Abandoned on a desert island where temperatures often exceed 100 degrees, even in the shade, Earhart and Noonan likely eventually succumbed to any number of causes, including injury and infection, food poisoning from toxic fish, or simply dehydration. The coconut crabs' great pincers would have done the rest, likely removing some of the last physical traces of this pioneering aviatrix.
Have they solved the mystery at last? Can we finally put poor Amelia to rest? Maybe she was more exciting as an unsolvable riddle. All they can do now if the DNA is positive is put up a small plaque on the island and leave her spirit in peace.

2 comments:

  1. Anonymous2:24:00 PM

    First I must correct you on the statement that "...the group from Delaware recovers historic aircraft" for in the twenty-odd years of Tighars existence, they have not recovered one single historic aircraft. Tighar exists to provide a comfortable tax free living for Richard Gillespie and his cohorts.

    There is evidence to say that Earhart and Noonan disappeared on the 3rd of July 1937 not the 2nd.

    Gillespie's proposed next expedition is to cost between US$3M and 5M. So far he has spent some US$5.5M on Nikumaroro and supporting his lifestyle. All the money spent was OPM.
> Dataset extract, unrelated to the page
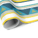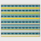 Padrão de listras amarelas, azuis, brancas e triângulos azuis.

    Gallagher didn't find the bones, the Gilbertese natives found them and it has not been possible to determine where the bones were found with any certainty. Tighar only "thinks" it knows where they were found. Tighar says that the Electra landed on the reef flat and, in one example, "Taxied in under the sade of the Ren trees". Survival procedure in a case like this would be to "stay with the aircraft", not go wandering 3 miles down the island to where Tighar "think" the bones were found.

    The 1940 bones were examined by a Dr. Hoodless on Fiji. He measured the bones and pronounced them "Male, Pacific islands mixed race, approx. 5 feet 6 inches tall". Dr. Karen Burns, a member of Tighar, feeds these measurements through a computer and they come out as "Female, Nordic descent, approx. 5 feet 9 inches tall". Hoodless handled the bones, the computer did not.

    If you care to look on the Warbird Information Exchange Forum Vintage Aviation for the thread, "Tighar at it again", you will see the opinion of aviation people in the U.S. concerning Tighar. If you look on Key Publishing Aviation Forum Historic Aviation at the thread, "How wonderful is Tigahr", again you will see the opinion of aviation people in the U.K.

    Tighar is a shell game.

    ReplyDelete
  2. Thankyou, Anonymous, for the corrections. Our information was gathered from three or four news agencies and I know they often add their own slant plus a little hearsay.
    I will do a little research into Tighar; I'm intrigued.I will follow the threads you gave me. It becomes more and more interesting.

    Your view on 'survival procedure' makes much more sense than any other. But, perhaps, for the first few days or weeks they did indeed stay with the aircraft until the heat or gales drove them inland in search of shelter, water or food.
    Appreciate your input and would love to know what happened to that 1940 skeleton.